Who should be involved?
Evaluating compliance effectiveness should be done by people who understand both the risk and the environment affecting that risk. While the risk manager will generally take responsibility for making sense of the story, it's good practice to involve other subject matter experts to help make sense of the information as a whole.
When it comes to the indicator analysis, the people that should be involved in bringing together a defensible story should include the relevant risk and strategy experts, as well as analysts who have an understanding of the environmental variables that can affect your risk area.
Bringing the story together
When the suite of indicators was originally chosen, a number of assumptions were made about what you'd expect to see if your strategies were effective. Now that you're ready to bring the results together, you should revisit these early assumptions to see whether the indicator results are as expected.
If the behaviour is in line with your earlier expectations, then determining the extent of your effectiveness should be relatively easy. However, if any indicators show a different result, you must objectively investigate the result to understand how it impacts on your conclusions about the extent of your effectiveness.
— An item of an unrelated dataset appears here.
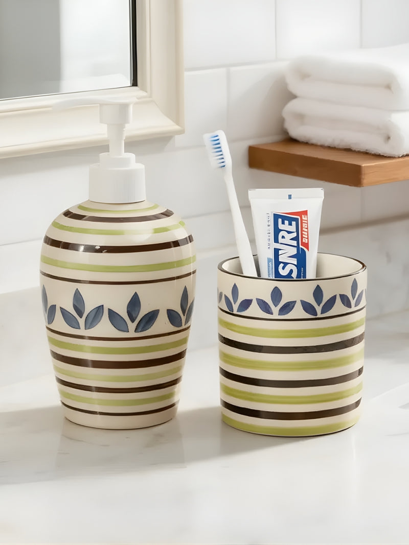 Blue Leaf Blue Ceramic Bathroom Accessories Set- Soap dispenser with Tumbler

Where an indicator shows an unexpected result, explore whether:
- the result is significant in relation to the overall suite of indicators - if the indicator is weak its impact on the overall outcome may not be significant; if it carries a lot of weight within the suite, you need to understand how it affects the outcome
- any other indicators show similar results - if the result is supported by a range of other indicators, then it would be reasonable to conclude that the strategies have not been effective
- it is an unintended consequence - any unintended consequences must be explored in order to understand their impact on the risk and for planning future compliance strategies
- further analysis is necessary - you may need to do further analysis to understand the reason for the result; consider issues such as a flaw in the data that was not previously identified, or a defect in the original thinking.